= Hope-Page Public Schools =

School district in North Dakota, United States

Hope-Page Public School District 85 is a school district headquartered in Page, North Dakota, serving Hope and Page. It operates Hope-Page Elementary School in Page and Hope-Page High School in Hope.

==History==
In 1910 the board of education aimed to spend $5,000 in a tax levy.

In 1964 students from Colgate began attending school in Hope and Page after the Colgate school closed.

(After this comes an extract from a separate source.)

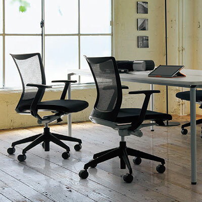 ブリーザ ブラックリミテッド 背座メッシュタイプ 肘付き No.1856F 商品について サイズ幅620×奥行560×高さ870〜960mm座面高さ420〜510mmキャスター直径60mm 重量約13.5kg 材質背、座面=PA樹脂成型品(弾性ポリエステルメッシュ一体成型)背座フレーム、肘、脚部=PA樹脂成型品肘パッド=PPエラストマー樹脂機構部=アルミ・粉体塗装キャスター=ナイロン双輪 備考フリーシンクロロッキング、ロッキング強弱調節可能、フロントストッパー付、グリーン購入法適合商品 生産国日本 備考肘付きのタイプになります。

Beginning circa 1987 the Hope and Page school districts made cooperative sports teams. Beginning circa 1999 the two districts began doing a "trial merger" where on a temporary basis students from the respective districts attended each others' schools. In 2005 Hope officials signaled a willingness to permanently consolidate while Page officials had hesitancy since the Hope district hoped to have an athletic partnership in girls' basketball with Finley-Sharon School District, something that the Page district was not in favor of as the market for girls' basketball players would be crowded. That year a board member of the Hope district, Trevor Jacobsen, stated to the Page officials "We've been dating for 18 years. It's time we get married."

The Hope and Page school districts formally consolidated in the 2020-2021 school year.

==Area==
In Cass County the district serves, in addition to Page, a section of Erie. In Steele County the district serves Hope and Luverne. In Barnes County the district serves Pillsbury. It also serves Griggs County.